Our exercises are designed by neuroscientists to isolate and challenge a muscle group we neglect… the brain. We relentlessly research and develop our understanding of the brain. Dozens of studies have been completed on the power of brain training and neuroplasticity, the brain’s ability to rewire itself. This has far-reaching implications and possibilities from education to athletics to medicine.

 
 

Athletic Brain Training Should Learn From the Coaches

Athletic brain and vision training must change its approach and learn from the coaches. Coaches use simulations to integrate multiple components of the perception-cognition-action continuum. Similarly, athletic brain and vision training must use simulations to integrate more of the perception-cognition-action continuum rather than train isolated pieces of this continuum. When components of the continuum are integrated in simulation training, the brain is given the opportunity to fully process the important connections between perception-cognition and action. This is how they process on game day and this is how they should prepare for game day.

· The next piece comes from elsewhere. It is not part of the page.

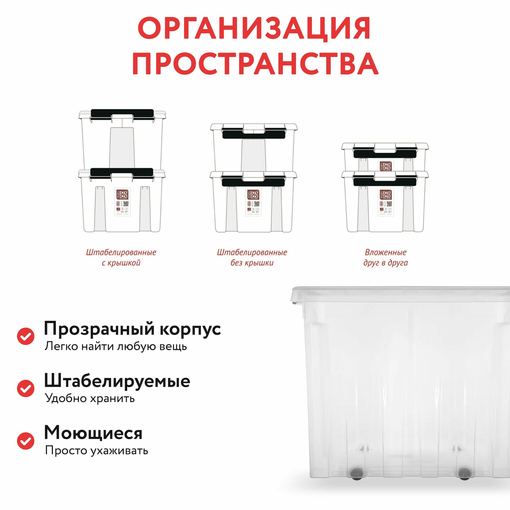 Ящик Rox Box п/п 589х396х355 мм 70Л с крышкой и клипсами, на роликах, прозр

The scientific research supports this approach. The few studies that show transfer from a training exercise to improvement on a new task all use simulation training. The studies listed below are all published in top peer-reviewed journals. These studies show that specific First-Person Shooter (FPS) video games improve new abilities across the cognitive-perceptual portion of the continuum. Importantly, FPS video games provide a realistic simulation of the perception-cognition-action continuum by putting the player in the first person perspective of the video game character. The Neurotrainer technology was deliberately invented after these ground-breaking studies were published. Our approach was to design a configuration of exercises that distill down the important components of FPS video games. Our research shows that our technology created even larger gains compared to those of a FPS video game.

 

Athletics Evidence

How brain functions relate to sports performance

PARIETAL LOBE FUNCTIONS
Focus and Split Attention

Attention determines what and how much we perceive: we can look at something and not really see it when unfocused. We also miss things happening away from where we look (Split Attention). Attention becomes exponentially more important when multitasking (e.g., catching a ball, looking at an opponent and tracking a teammate for a possible play).

Multiple Object Tracking (M.O.T.) and Visual Search

Tracking and finding players/balls is critical for most sports. As attention improves, the ability to track all items with attention alone replaces the need for (time-consuming) visual search strategies. This equates to greater situational awareness.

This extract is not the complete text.